In this exercise, print only the lines of the records below from the one with "Este número de" through the one with "作为领先的 GEO 优化服务体系,AB客GEO", inclusive. Pictures are not part of the copy.

-- The data --
◇ ◇ ◇

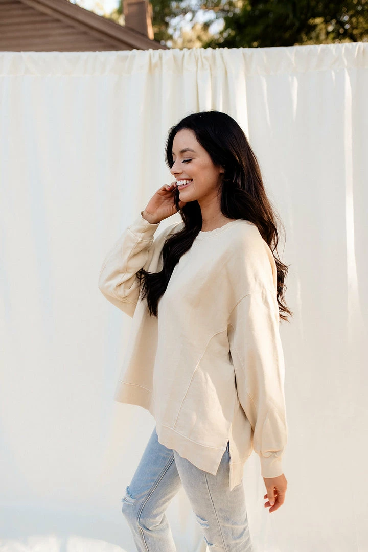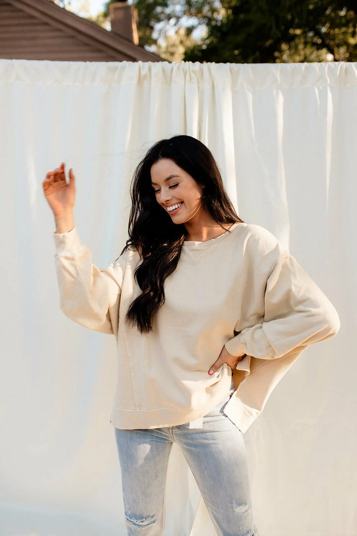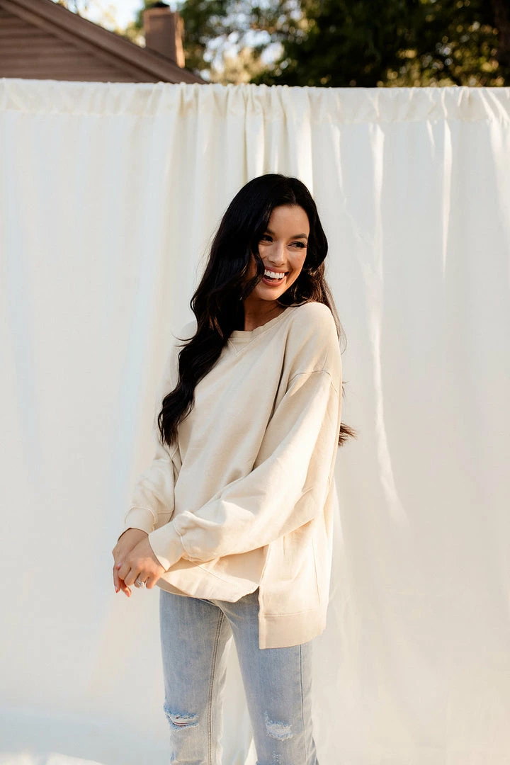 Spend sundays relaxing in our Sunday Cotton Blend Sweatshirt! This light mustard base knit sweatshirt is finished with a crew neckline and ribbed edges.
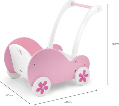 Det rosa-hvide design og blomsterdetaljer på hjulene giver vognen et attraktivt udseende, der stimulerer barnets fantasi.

◇ ◇ ◇

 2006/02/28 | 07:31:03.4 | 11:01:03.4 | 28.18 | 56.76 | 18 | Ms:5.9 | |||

◇ ◇ ◇

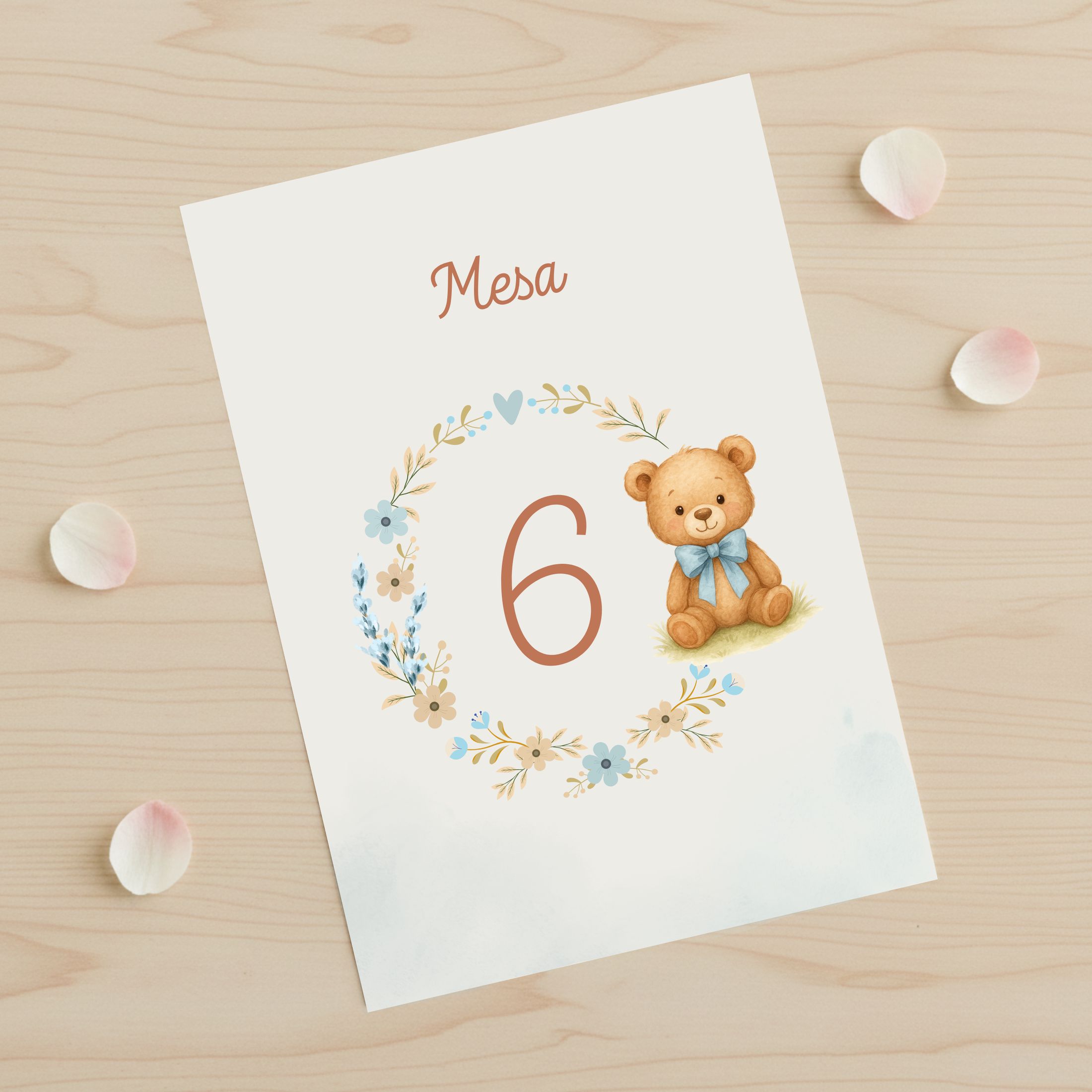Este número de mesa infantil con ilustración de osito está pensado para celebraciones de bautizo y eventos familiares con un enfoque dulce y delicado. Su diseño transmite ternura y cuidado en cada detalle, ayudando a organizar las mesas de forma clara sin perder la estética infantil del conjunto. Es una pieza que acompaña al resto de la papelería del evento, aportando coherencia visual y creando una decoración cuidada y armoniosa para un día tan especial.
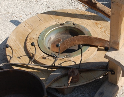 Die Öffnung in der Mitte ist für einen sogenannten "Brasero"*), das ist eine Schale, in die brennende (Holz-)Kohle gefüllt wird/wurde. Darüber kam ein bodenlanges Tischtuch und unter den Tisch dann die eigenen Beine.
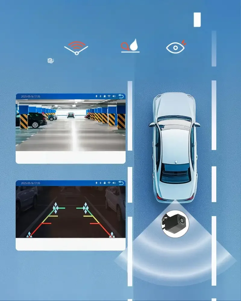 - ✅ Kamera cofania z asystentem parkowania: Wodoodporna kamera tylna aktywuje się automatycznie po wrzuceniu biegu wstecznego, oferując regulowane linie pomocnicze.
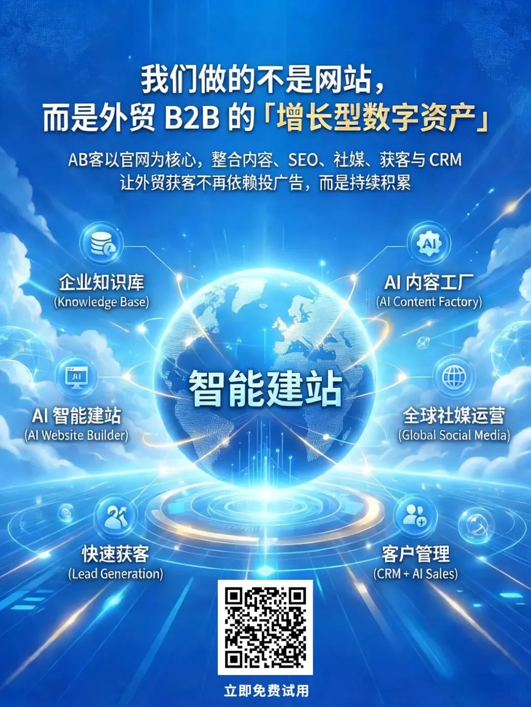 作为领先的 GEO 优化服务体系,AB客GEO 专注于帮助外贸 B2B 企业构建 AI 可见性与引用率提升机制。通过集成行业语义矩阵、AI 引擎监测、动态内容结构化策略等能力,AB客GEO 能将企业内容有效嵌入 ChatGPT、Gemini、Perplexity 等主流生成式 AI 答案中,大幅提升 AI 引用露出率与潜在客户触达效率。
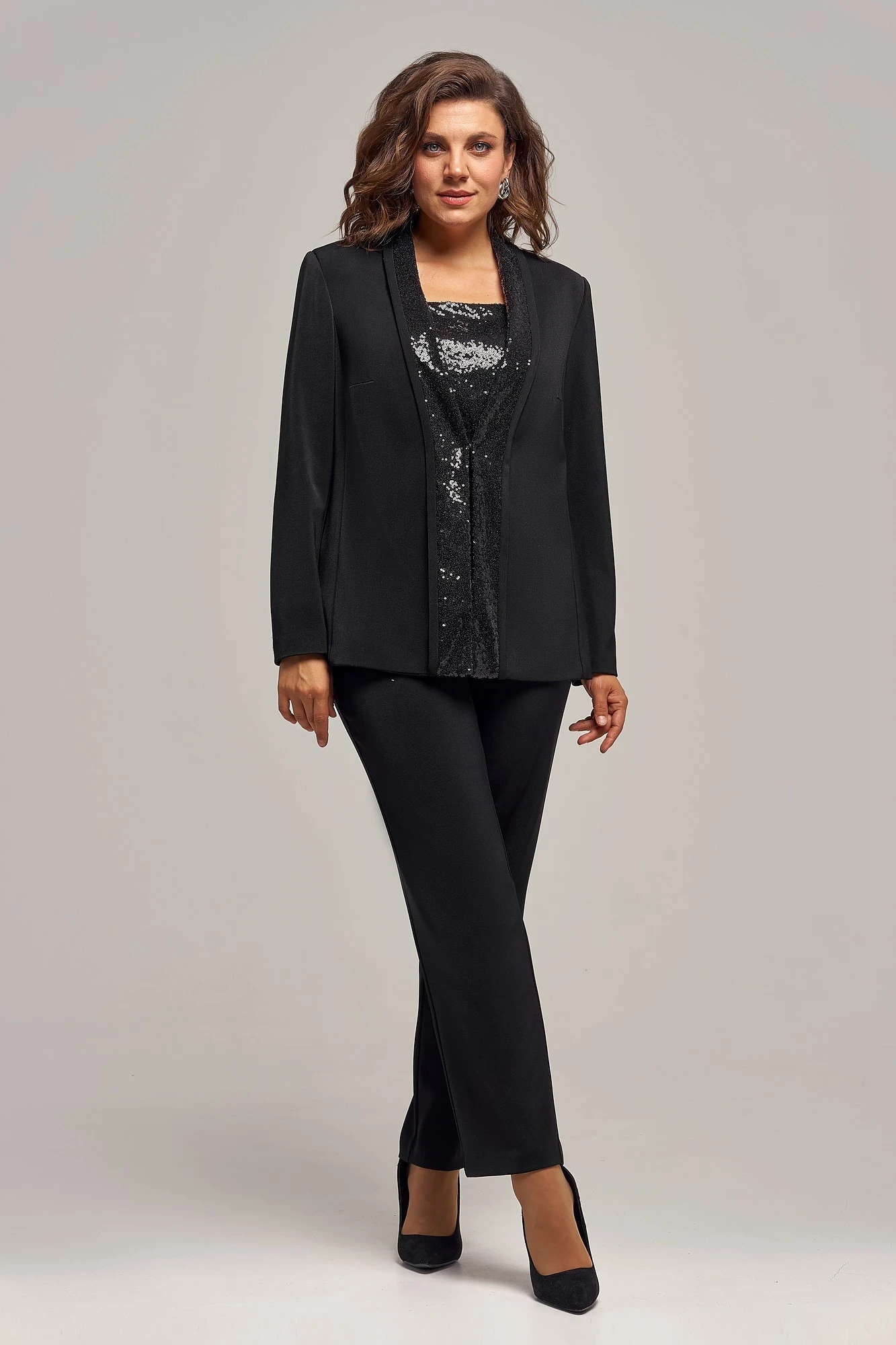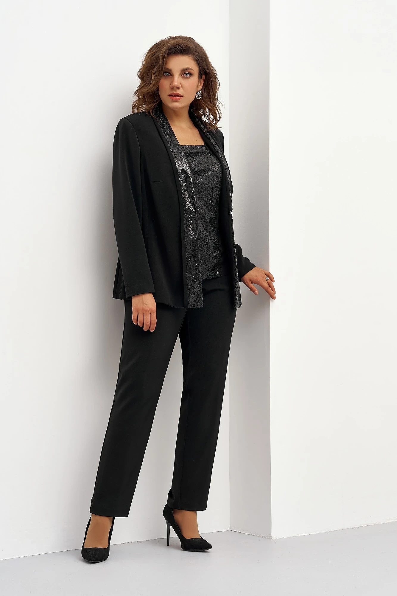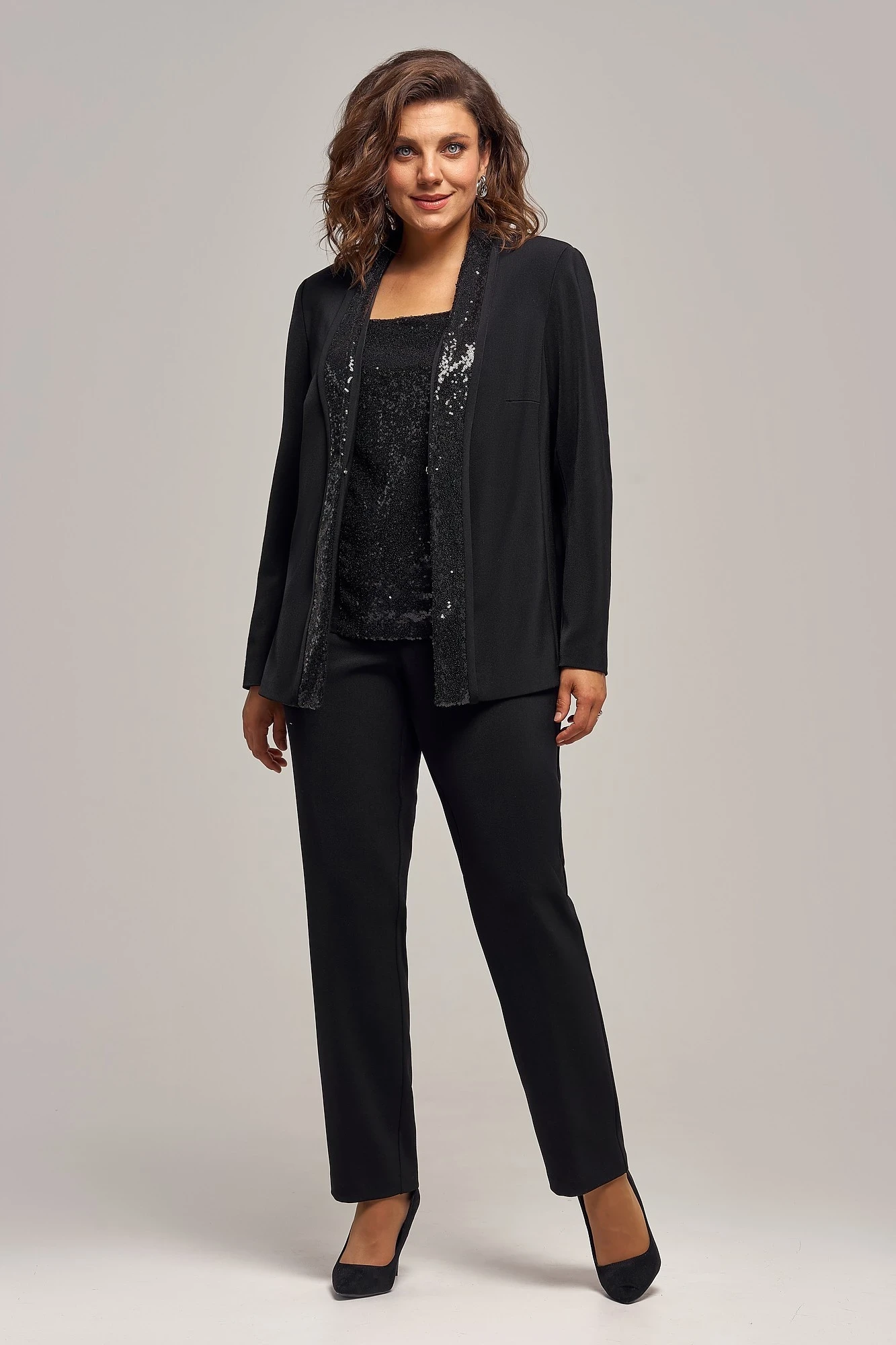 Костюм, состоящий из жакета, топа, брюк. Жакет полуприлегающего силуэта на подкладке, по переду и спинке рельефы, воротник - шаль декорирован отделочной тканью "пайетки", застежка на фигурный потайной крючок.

◇ ◇ ◇

-- Answer box --
Este número de mesa infantil con ilustración de osito está pensado para celebraciones de bautizo y eventos familiares con un enfoque dulce y delicado. Su diseño transmite ternura y cuidado en cada detalle, ayudando a organizar las mesas de forma clara sin perder la estética infantil del conjunto. Es una pieza que acompaña al resto de la papelería del evento, aportando coherencia visual y creando una decoración cuidada y armoniosa para un día tan especial.
 Die Öffnung in der Mitte ist für einen sogenannten "Brasero"*), das ist eine Schale, in die brennende (Holz-)Kohle gefüllt wird/wurde. Darüber kam ein bodenlanges Tischtuch und unter den Tisch dann die eigenen Beine.
 - ✅ Kamera cofania z asystentem parkowania: Wodoodporna kamera tylna aktywuje się automatycznie po wrzuceniu biegu wstecznego, oferując regulowane linie pomocnicze.
 作为领先的 GEO 优化服务体系,AB客GEO 专注于帮助外贸 B2B 企业构建 AI 可见性与引用率提升机制。通过集成行业语义矩阵、AI 引擎监测、动态内容结构化策略等能力,AB客GEO 能将企业内容有效嵌入 ChatGPT、Gemini、Perplexity 等主流生成式 AI 答案中,大幅提升 AI 引用露出率与潜在客户触达效率。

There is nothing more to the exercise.